Alternative plasticizers to phthalate esters have been used for over a decade, but data regarding emissions, human exposure and health effects are limited. Here we review 20 alternative plasticizers in current use and their human exposure, hazard and risk. Physicochemical properties are collated for these diverse alternatives and log KOW values range over 15 orders of magnitude and log KAW and log KOA values over about 9 orders of magnitude. Most substances are hydrophobic with low volatility and are produced in high volumes for use in multiple applications. There is an increasing trend in the total use of alternative plasticizers in Sweden compared to common phthalate esters in the last 10 years, especially for DINCH. Evaluative indoor fate modeling reveals that most alternatives are distributed to vertical surfaces (e.g. walls or ceilings). Only TXIB and GTA are predicted to be predominantly distributed to indoor air. Human exposure data are lacking and clear evidence for human exposure only exists for DEHT and DINCH, which show increasing trends in body burdens.
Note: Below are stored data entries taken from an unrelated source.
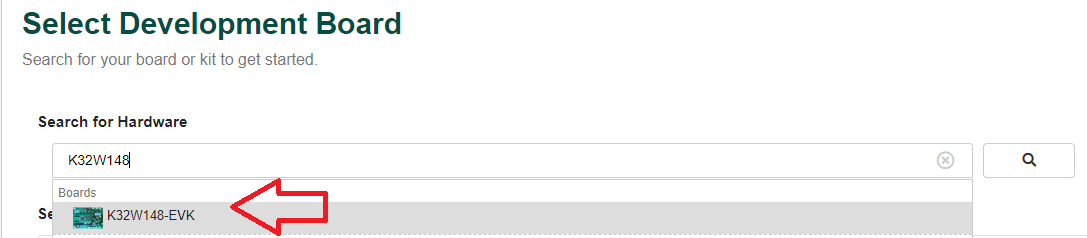 In the Search for Hardware search box, type in the selected board “K32W148-EVK”. Click on the board to select it.
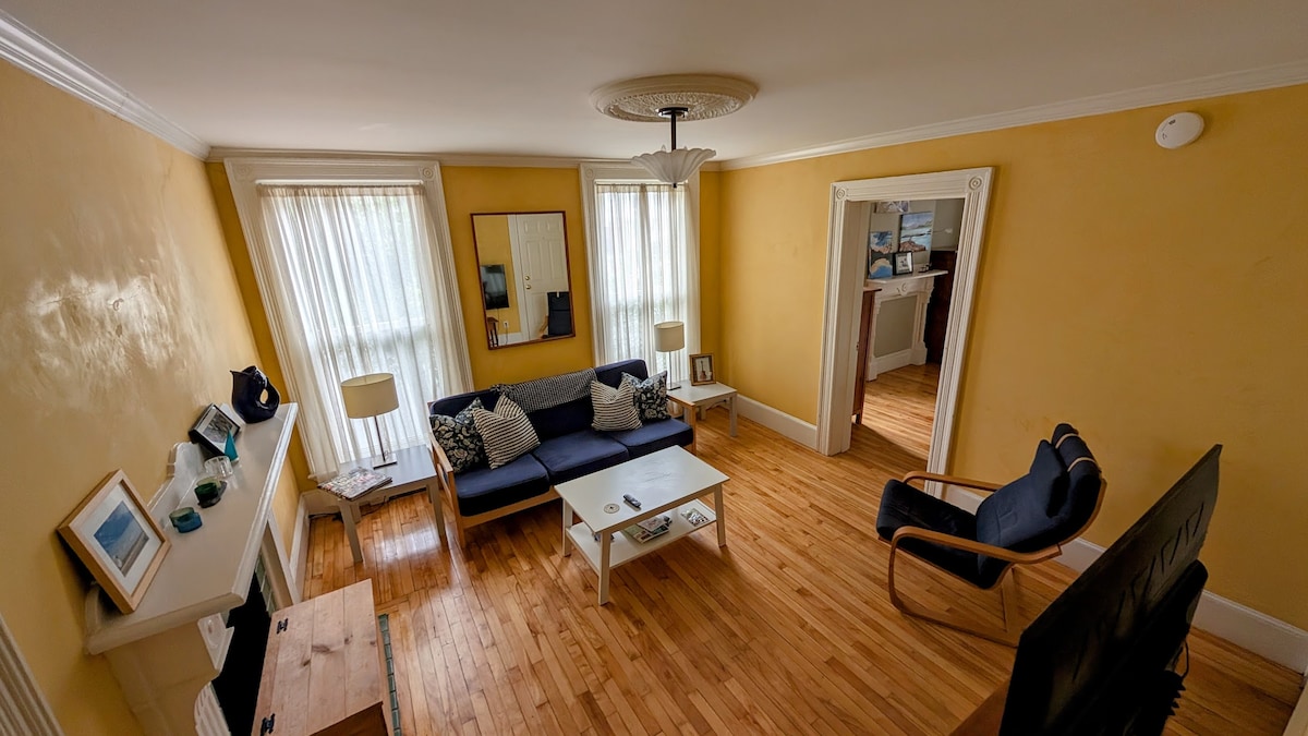 With the Portland Museum of Art and the State Theater a 5 minute walk away, the Old Port just 15, this stunning apartment is just steps from the best eateries, arts & shopping the city has to offer. When you arrive, park your car in the private parking space and forget about it for a while! Built in 1835, this sunny and spacious second-floor apartment features 14-foot ceilings and original hardwood floors. A his and her bathroom is linked with a walk-through stone tiled shower.
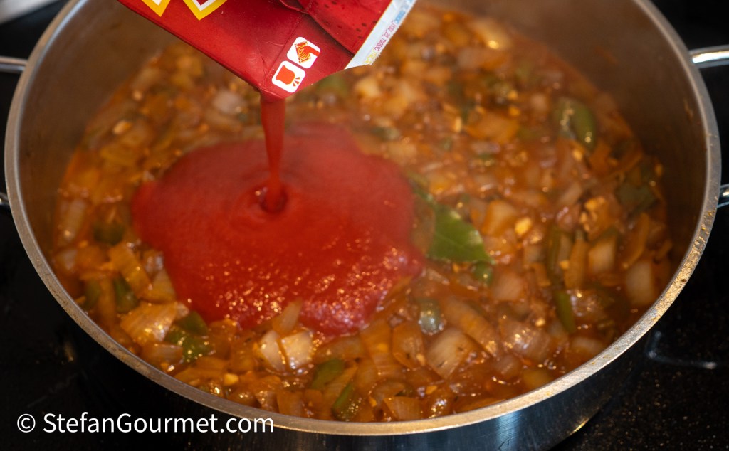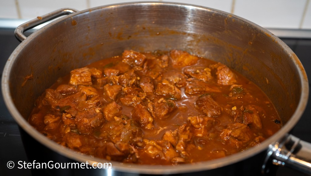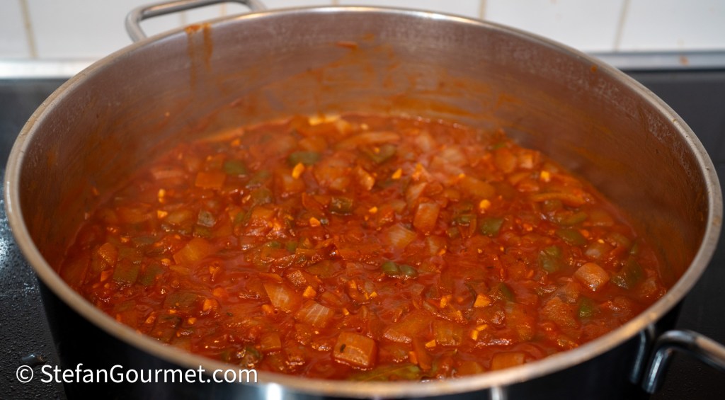 Stir and allow to reduce over medium heat until the sauce has thickened. If you stir, you should not see any water ‘leaking’ from the sauce. Turn off the heat when you’ve reached that state. Taste and adjust the seasoning with salt and spicy smoked paprika.
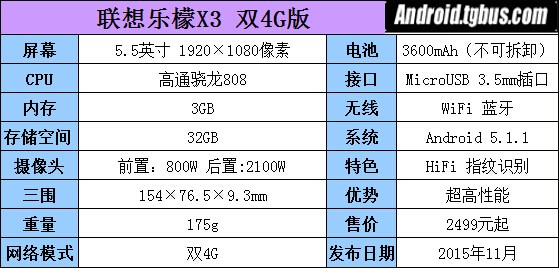 聯想樂檬X3 雙4G版采用了一塊5.5英寸1080P的屏幕;配備了一枚高通骁龍808處理器;前置800萬後置2100萬像素攝像頭;3GB RAM+32GB ROM內存容量;3600mAh大容量電池;擁有指紋識別功能並配有NFC功能;配備專業HiFi芯片,全時HiFi享受;雙4G網絡支持;售價為2499元。
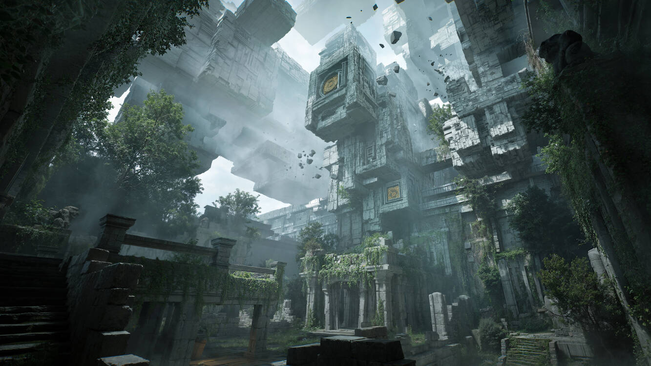 同样的是在PV画面中,我们也能看到,探索小队从阴暗潮湿的废弃神殿逃离出来后,便来到了处于火海的遗迹之地,到处都是迸射的火星与倒塌的建筑,一改前者寂静压抑的氛围,给人带来极强的视觉冲击力。
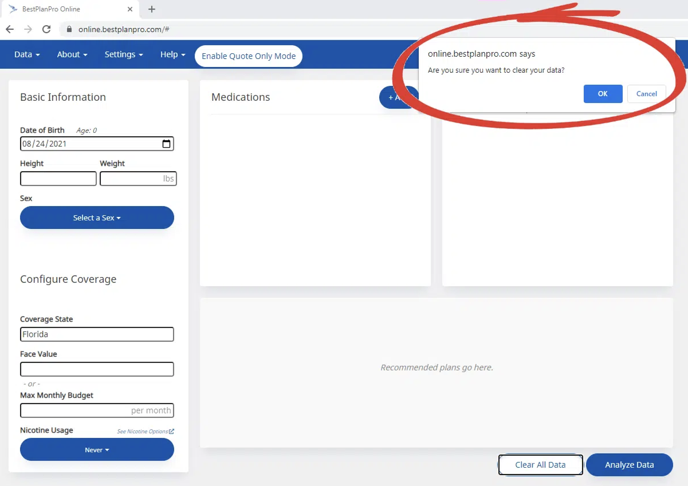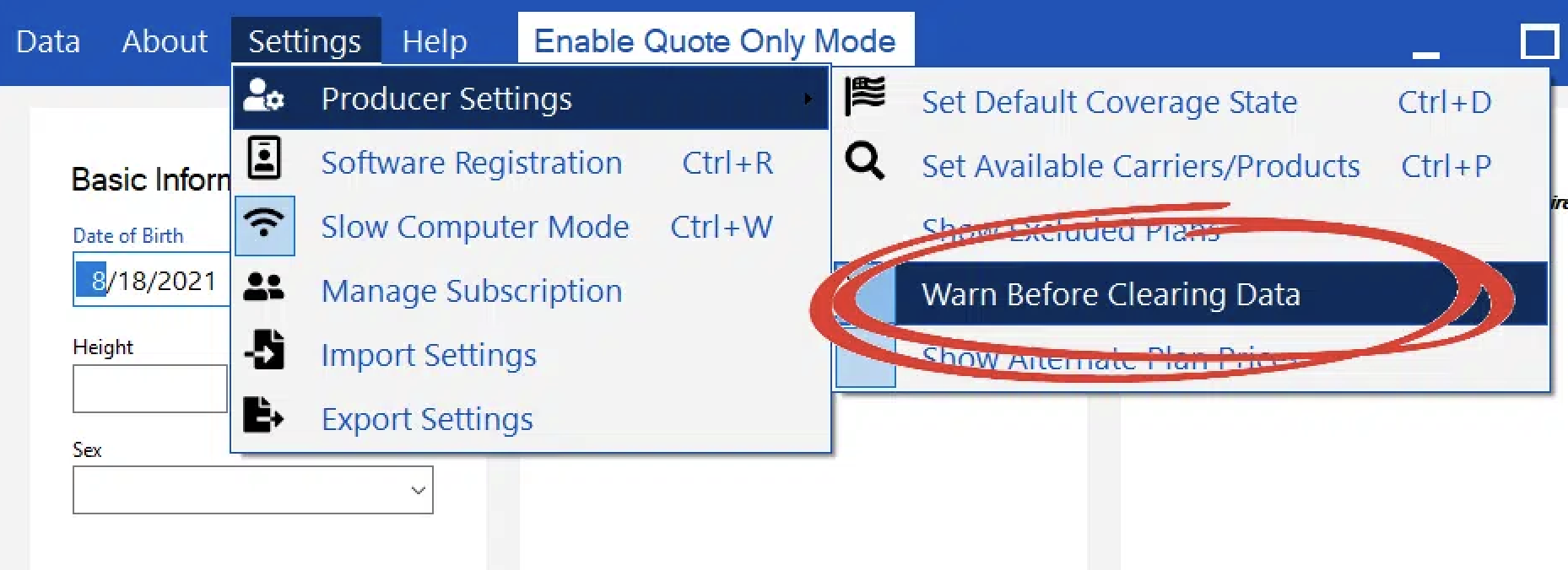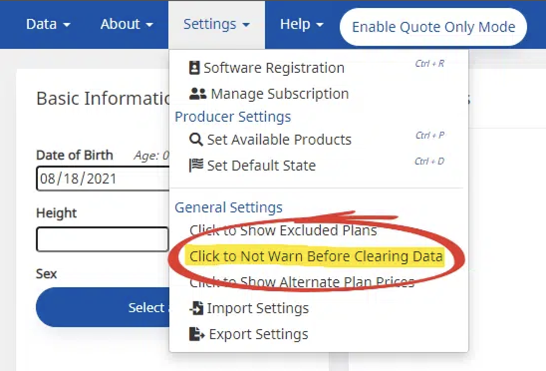 In Best Plan Pro, you can disable/enable the Clear Data Warning prompt when clearing your search data parameters. The prompt is turned on by default.

Human intake rates are collected and compared with limit values with resulting risk ratios below 1 except for infant's exposure to ESBO. PBT properties of the alternatives indicate mostly no reasons for concern, except that TEHPA is estimated to be persistent and TCP toxic. A caveat is that non-standard toxicological endpoint results are not available and, similar to phthalate esters, the alternatives are likely "pseudo-persistent". Key data gaps for more comprehensive risk assessment are identified and include: analytical methods to measure metabolites in biological fluids and tissues, toxicological information regarding non-standard endpoints such as endocrine disruption and a further refined exposure assessment in order to consider high risk groups such as infants, toddlers and children.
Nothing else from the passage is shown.